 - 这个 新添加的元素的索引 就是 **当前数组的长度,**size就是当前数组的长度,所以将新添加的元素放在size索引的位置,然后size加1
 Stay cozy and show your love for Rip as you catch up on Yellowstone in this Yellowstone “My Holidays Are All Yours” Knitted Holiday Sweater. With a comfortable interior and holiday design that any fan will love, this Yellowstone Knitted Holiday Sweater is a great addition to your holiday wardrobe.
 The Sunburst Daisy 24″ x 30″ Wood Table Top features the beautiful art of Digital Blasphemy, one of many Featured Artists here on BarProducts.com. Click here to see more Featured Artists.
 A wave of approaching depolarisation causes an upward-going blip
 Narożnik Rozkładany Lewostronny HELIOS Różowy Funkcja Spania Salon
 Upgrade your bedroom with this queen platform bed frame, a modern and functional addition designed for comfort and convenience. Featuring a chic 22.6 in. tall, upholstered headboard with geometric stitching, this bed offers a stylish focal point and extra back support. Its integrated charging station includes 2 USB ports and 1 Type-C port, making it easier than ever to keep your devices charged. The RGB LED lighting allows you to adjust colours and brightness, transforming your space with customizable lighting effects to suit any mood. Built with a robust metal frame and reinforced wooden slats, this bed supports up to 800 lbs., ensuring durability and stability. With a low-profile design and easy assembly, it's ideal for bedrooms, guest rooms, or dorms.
**********
> [Problem to solve]: Retype every line up to and including the one that contains "Narożnik Rozkładany Lewostronny", beginning at the first line of the records, with no edits.

> [Output for this exercise]:
 - 这个 新添加的元素的索引 就是 **当前数组的长度,**size就是当前数组的长度,所以将新添加的元素放在size索引的位置,然后size加1
 Stay cozy and show your love for Rip as you catch up on Yellowstone in this Yellowstone “My Holidays Are All Yours” Knitted Holiday Sweater. With a comfortable interior and holiday design that any fan will love, this Yellowstone Knitted Holiday Sweater is a great addition to your holiday wardrobe.
 The Sunburst Daisy 24″ x 30″ Wood Table Top features the beautiful art of Digital Blasphemy, one of many Featured Artists here on BarProducts.com. Click here to see more Featured Artists.
 A wave of approaching depolarisation causes an upward-going blip
 Narożnik Rozkładany Lewostronny HELIOS Różowy Funkcja Spania Salon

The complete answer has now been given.